──────── Task input

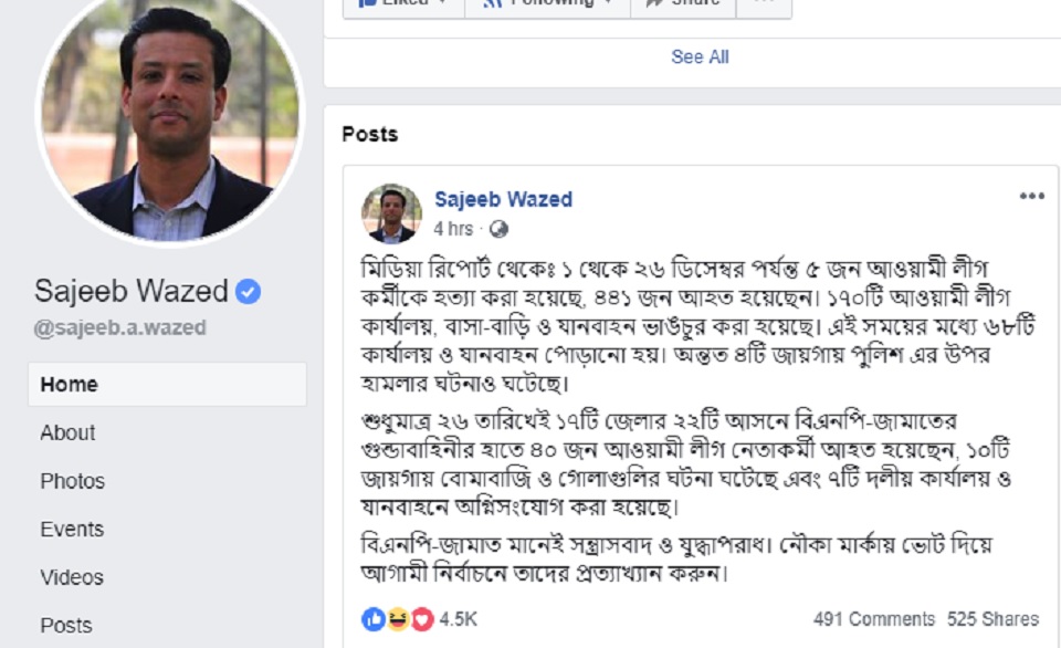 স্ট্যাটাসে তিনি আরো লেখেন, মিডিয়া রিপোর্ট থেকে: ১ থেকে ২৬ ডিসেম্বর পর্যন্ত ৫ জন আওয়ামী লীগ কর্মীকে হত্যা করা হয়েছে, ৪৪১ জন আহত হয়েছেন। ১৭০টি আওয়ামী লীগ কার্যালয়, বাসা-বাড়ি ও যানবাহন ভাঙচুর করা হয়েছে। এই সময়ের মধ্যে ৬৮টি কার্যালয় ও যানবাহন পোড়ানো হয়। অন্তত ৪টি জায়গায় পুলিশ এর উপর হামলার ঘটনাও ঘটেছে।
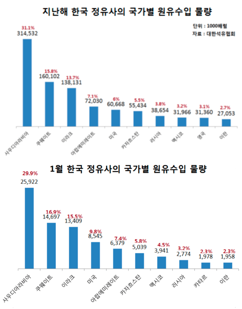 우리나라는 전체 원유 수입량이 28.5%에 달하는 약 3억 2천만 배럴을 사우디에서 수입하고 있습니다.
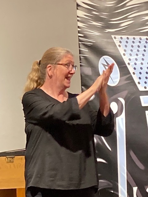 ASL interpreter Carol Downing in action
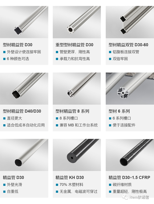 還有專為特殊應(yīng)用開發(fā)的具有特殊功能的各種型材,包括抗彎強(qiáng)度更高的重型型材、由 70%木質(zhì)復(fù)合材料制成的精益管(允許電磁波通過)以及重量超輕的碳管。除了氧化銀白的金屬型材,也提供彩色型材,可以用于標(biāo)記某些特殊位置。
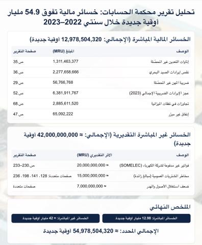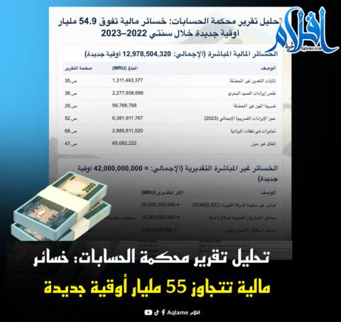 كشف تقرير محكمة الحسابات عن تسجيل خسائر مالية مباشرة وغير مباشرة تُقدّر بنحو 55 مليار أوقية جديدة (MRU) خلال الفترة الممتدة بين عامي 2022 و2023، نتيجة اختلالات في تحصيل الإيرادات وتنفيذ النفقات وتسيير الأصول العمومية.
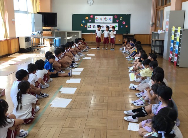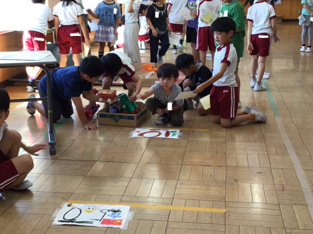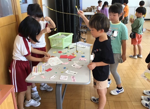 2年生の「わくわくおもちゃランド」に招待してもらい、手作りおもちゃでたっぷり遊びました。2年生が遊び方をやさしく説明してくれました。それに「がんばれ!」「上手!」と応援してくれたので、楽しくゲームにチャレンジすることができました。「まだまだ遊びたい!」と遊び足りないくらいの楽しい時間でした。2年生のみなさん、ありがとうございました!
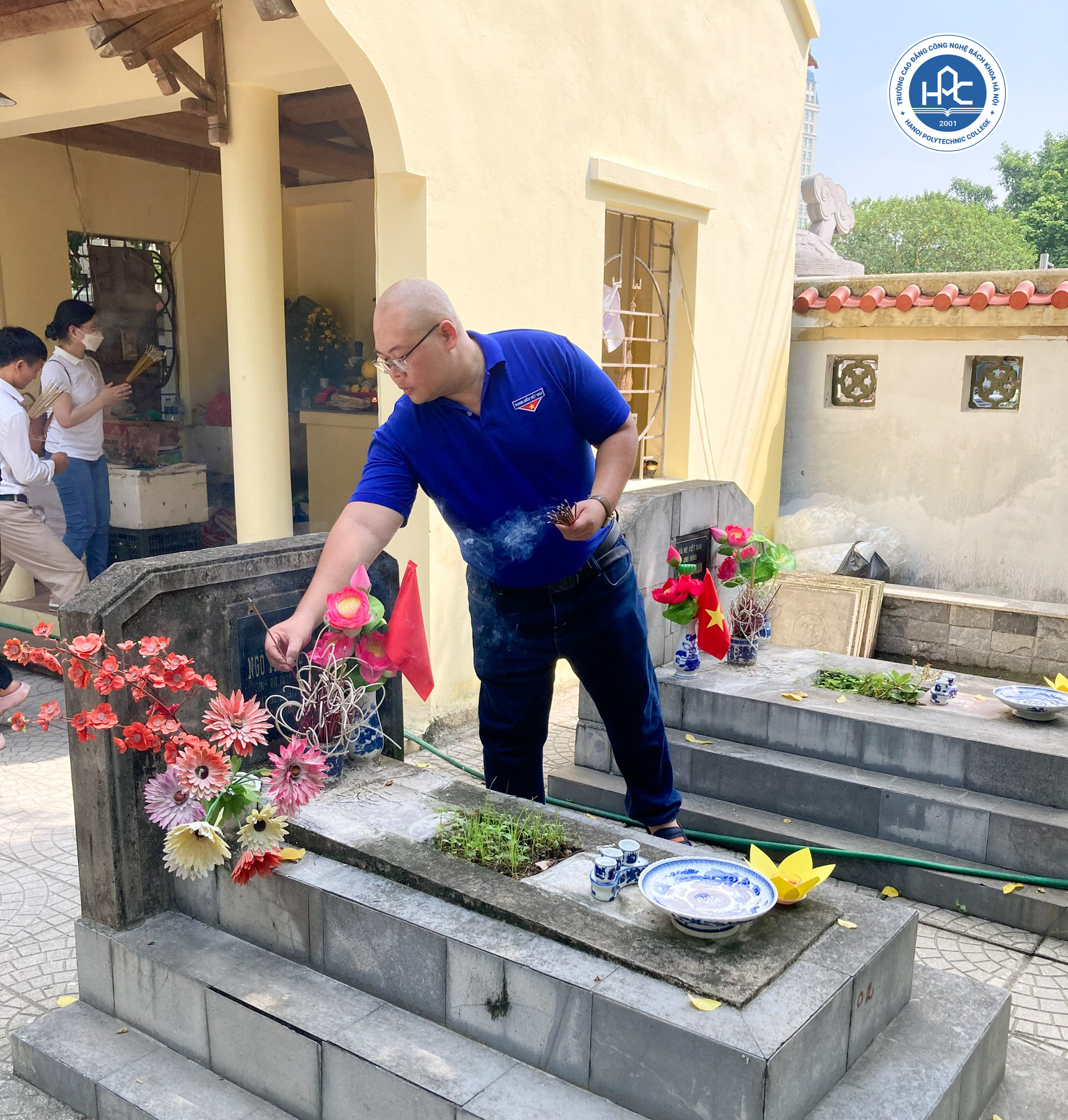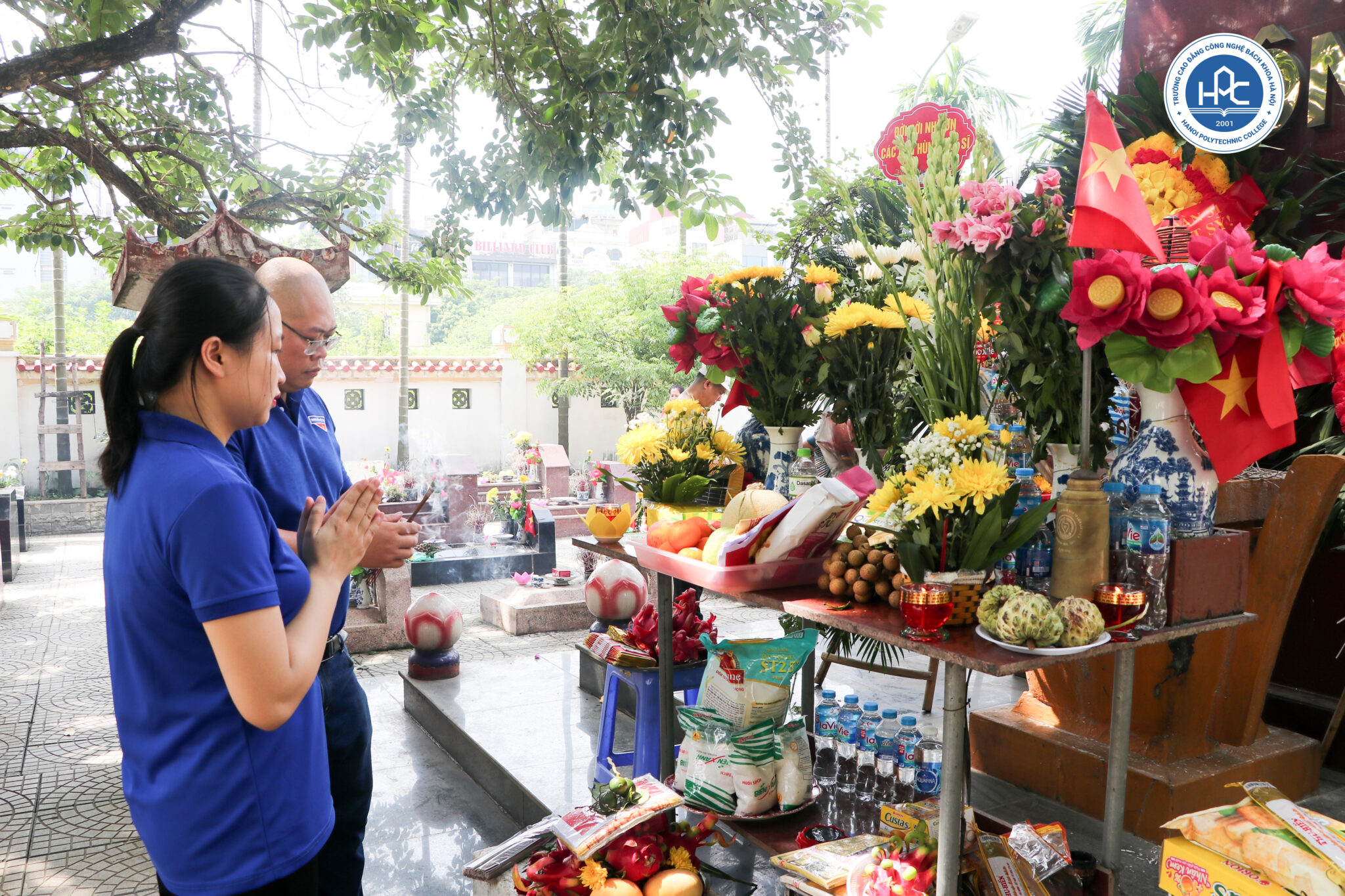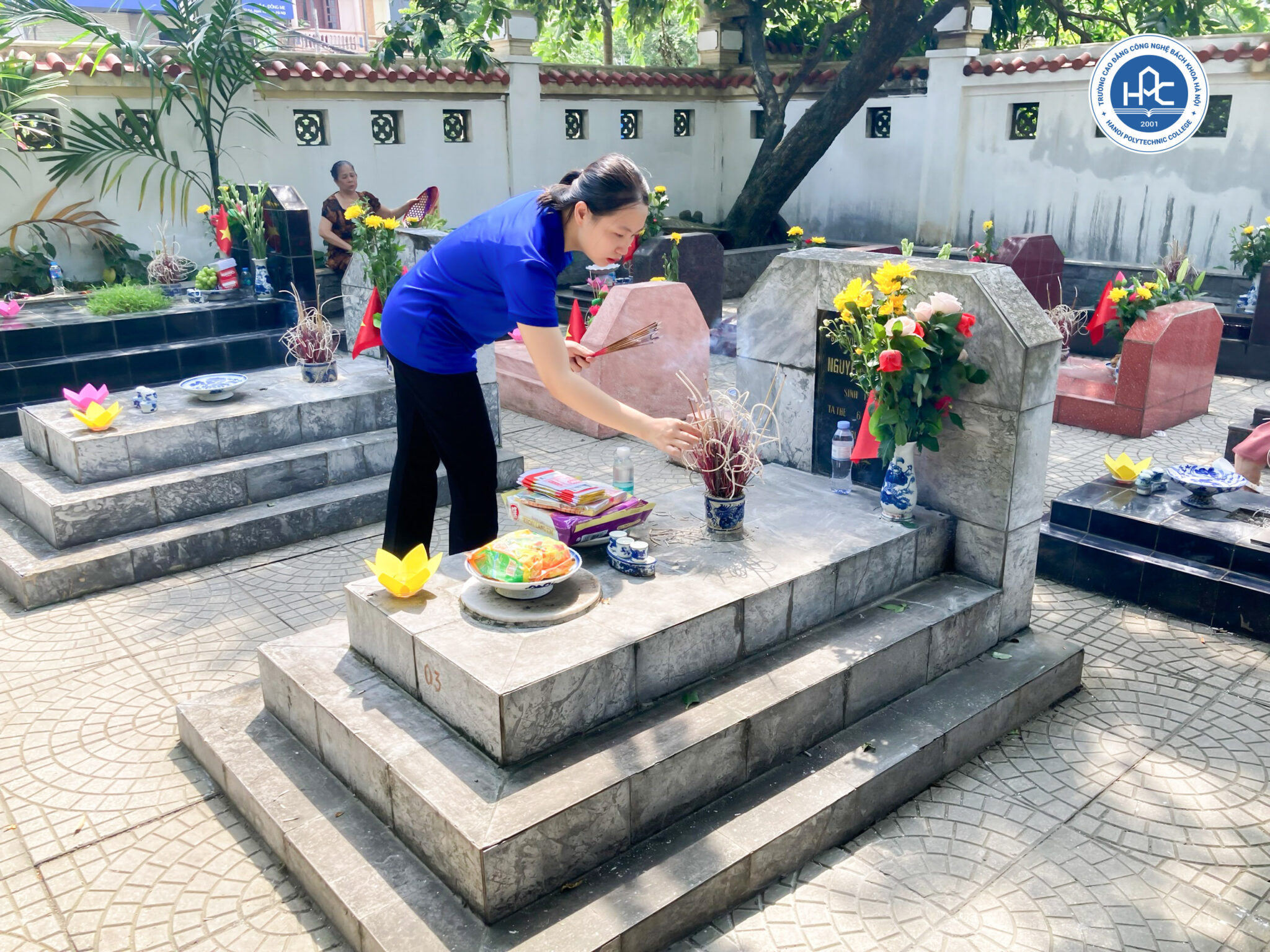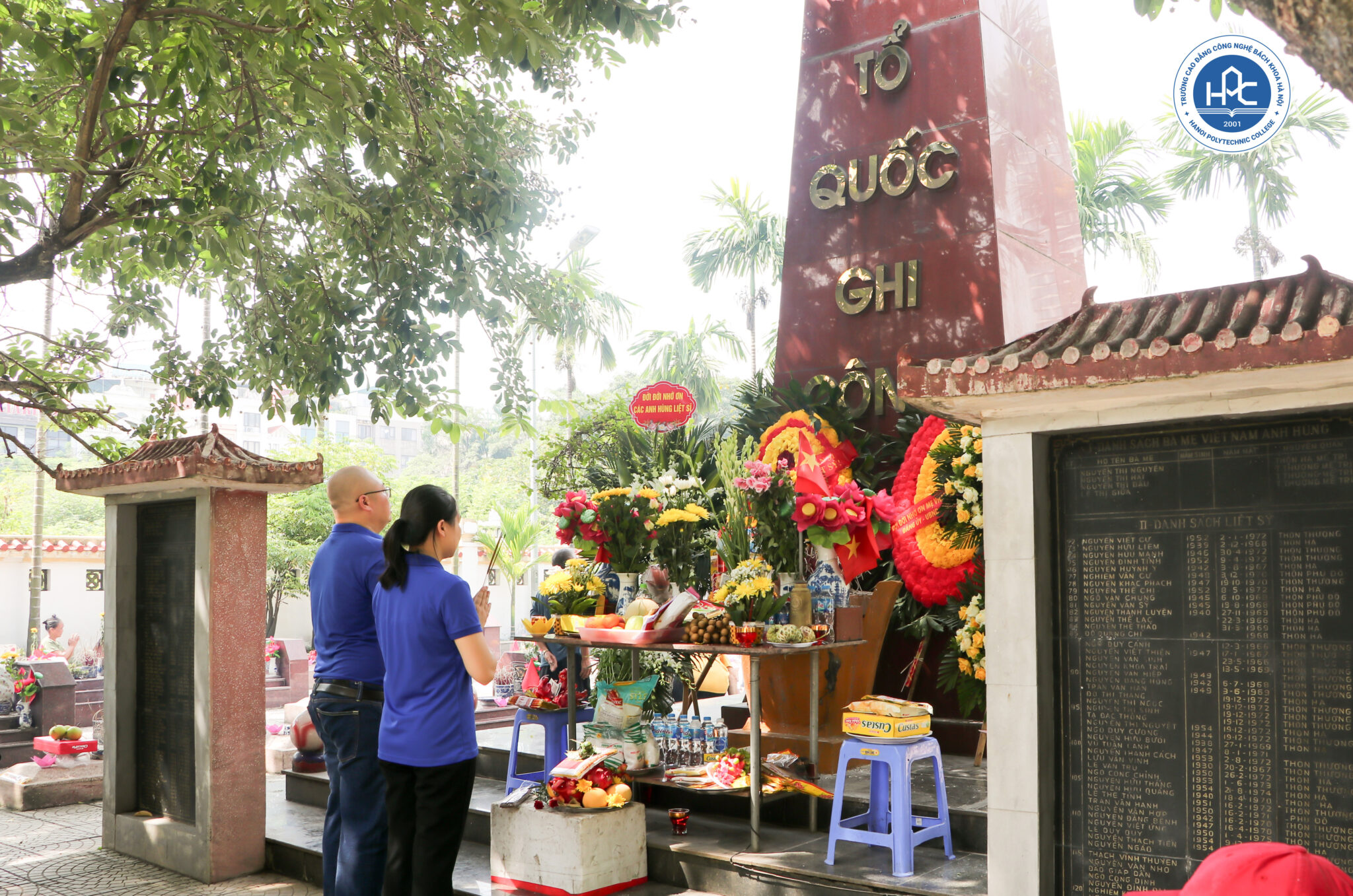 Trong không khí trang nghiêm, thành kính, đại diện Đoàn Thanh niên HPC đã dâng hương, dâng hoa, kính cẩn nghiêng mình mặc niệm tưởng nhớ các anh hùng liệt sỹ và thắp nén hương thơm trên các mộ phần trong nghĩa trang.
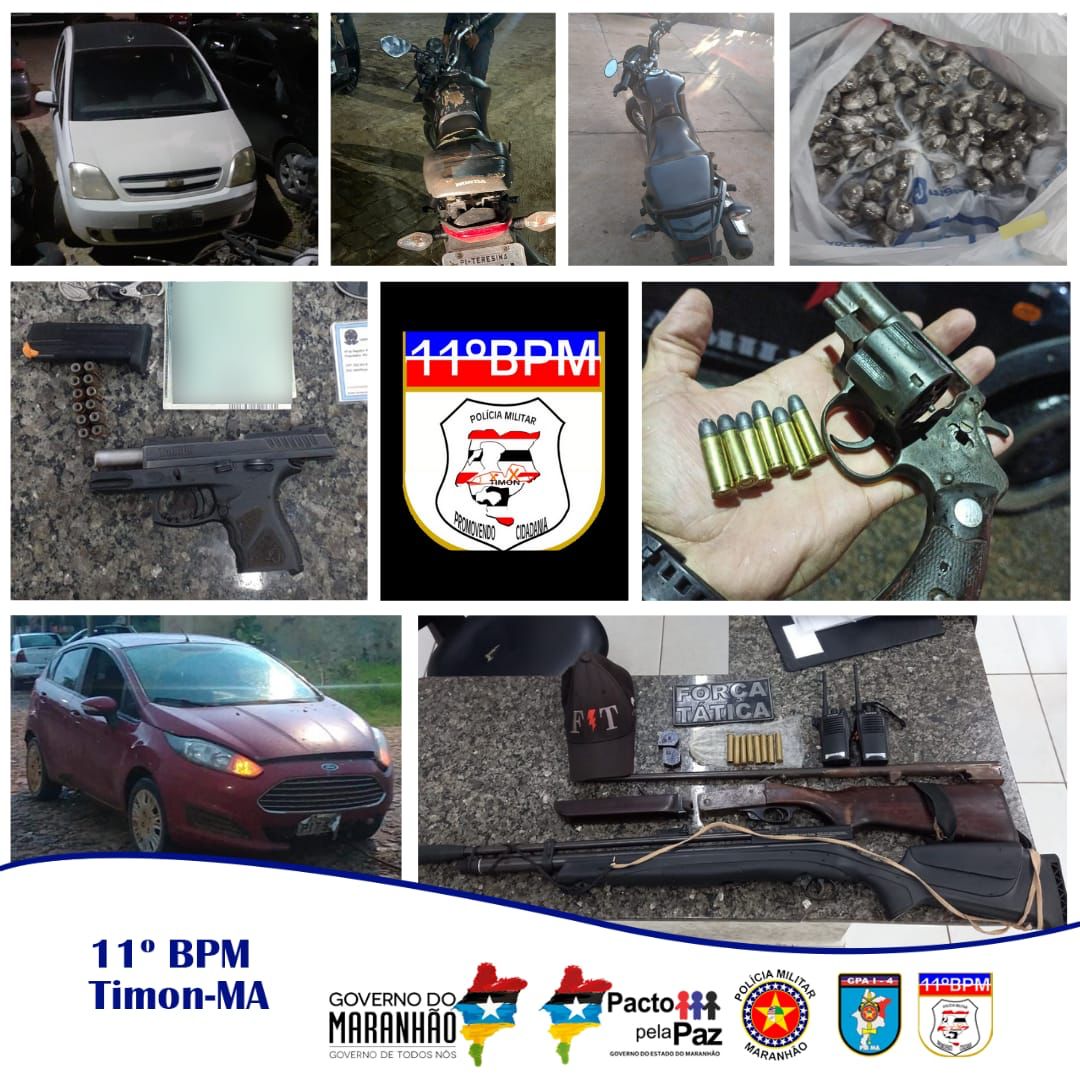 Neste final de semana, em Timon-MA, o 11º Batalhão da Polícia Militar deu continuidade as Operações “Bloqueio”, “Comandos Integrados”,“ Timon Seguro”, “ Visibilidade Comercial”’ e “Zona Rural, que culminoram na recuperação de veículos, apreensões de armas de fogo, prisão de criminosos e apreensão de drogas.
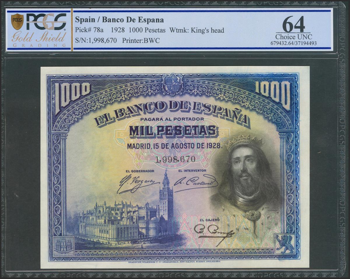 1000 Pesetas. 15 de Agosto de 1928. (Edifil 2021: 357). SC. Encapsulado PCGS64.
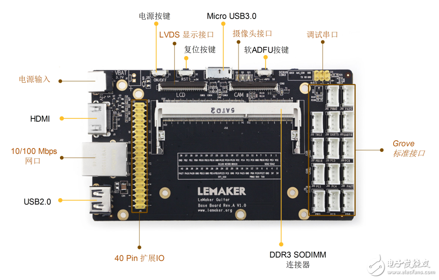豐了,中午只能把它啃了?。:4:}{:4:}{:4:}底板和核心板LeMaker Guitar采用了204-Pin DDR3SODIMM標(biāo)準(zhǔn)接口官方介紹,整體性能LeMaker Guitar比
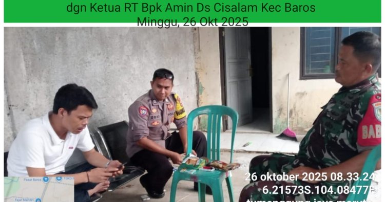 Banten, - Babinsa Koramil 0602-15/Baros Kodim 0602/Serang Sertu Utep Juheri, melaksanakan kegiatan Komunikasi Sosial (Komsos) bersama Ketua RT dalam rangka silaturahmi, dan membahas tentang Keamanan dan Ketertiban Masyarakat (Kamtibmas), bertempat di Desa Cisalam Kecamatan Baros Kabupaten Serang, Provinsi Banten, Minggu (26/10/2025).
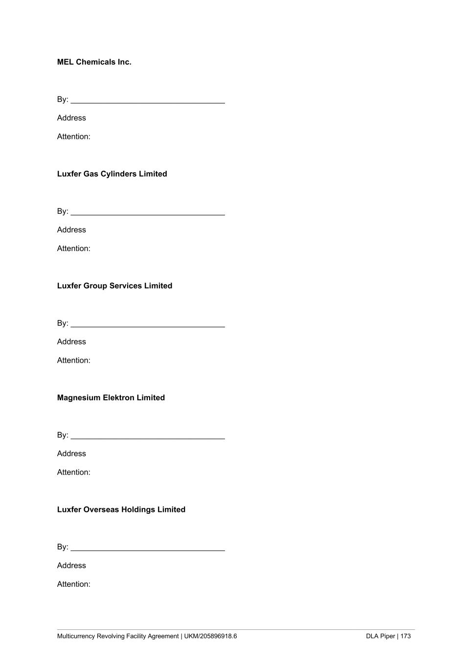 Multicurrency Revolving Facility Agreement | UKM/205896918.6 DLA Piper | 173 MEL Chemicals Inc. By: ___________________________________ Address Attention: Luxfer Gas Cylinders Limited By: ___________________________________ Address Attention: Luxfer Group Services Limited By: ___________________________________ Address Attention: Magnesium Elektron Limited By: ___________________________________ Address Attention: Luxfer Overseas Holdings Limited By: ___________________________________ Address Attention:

────────────────

> What is being asked
Return, exactly as they stand, the lines above from the one with "우리나라는 전체 원유" to the one with "還有專為特殊應(yīng)用", omitting any pictures among them.

> Solution to the problem
 우리나라는 전체 원유 수입량이 28.5%에 달하는 약 3억 2천만 배럴을 사우디에서 수입하고 있습니다.
 ASL interpreter Carol Downing in action
 還有專為特殊應(yīng)用開發(fā)的具有特殊功能的各種型材,包括抗彎強(qiáng)度更高的重型型材、由 70%木質(zhì)復(fù)合材料制成的精益管(允許電磁波通過)以及重量超輕的碳管。除了氧化銀白的金屬型材,也提供彩色型材,可以用于標(biāo)記某些特殊位置。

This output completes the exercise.